For progressive non-IPF fibrotic ILD, international guidance gives a conditional recommendation for nintedanib, while more research is needed for pirfenidone. Supportive care includes smoking cessation, vaccination, oxygen, pulmonary rehabilitation, nutrition, symptom-focused care, and transplant referral when appropriate.
Long-term Care
Follow-up tracks FVC, DLCO, six-minute walk, oxygen, CT change, exacerbations, pulmonary hypertension, infections, and medicine side effects. Keeping old CT image files is important because progression often depends on direct comparison.
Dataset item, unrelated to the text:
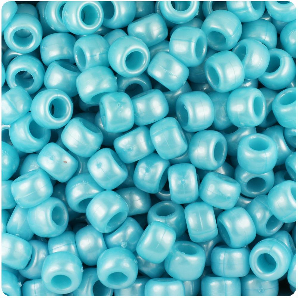 These light blue shimmering pearl standard barrel pony beads measure 9mm wide by 6mm high and have a 4mm hole which runs vertically down the middle of the beads. Our plastic pony beads are made in the USA with high-quality plastic and come in packs of approx. 100 beads.

Home pulse oximetry and activity logs can help. If oxygen falls, exercise capacity declines, or daily activities become limited, oxygen therapy and pulmonary rehabilitation should be discussed early.
Fertility and Family
Most PF-ILD is not a single-gene inherited disorder. Family pulmonary fibrosis, early greying, bone marrow failure, liver disease, or several affected relatives should prompt discussion of telomere-related or other genetic pulmonary fibrosis assessment.
When to Seek Urgent Care
Emergency care is needed for breathlessness at rest, oxygen persistently below the threshold set by the clinician, coughing blood, chest pain, fever with breathlessness, confusion, bluish lips, or breathing that worsens markedly over days.
Prognosis
Outlook depends on the underlying ILD, fibrosis extent, rate of lung-function decline, hypoxemia, acute exacerbations, and treatment response. Serial monitoring is more informative than one test.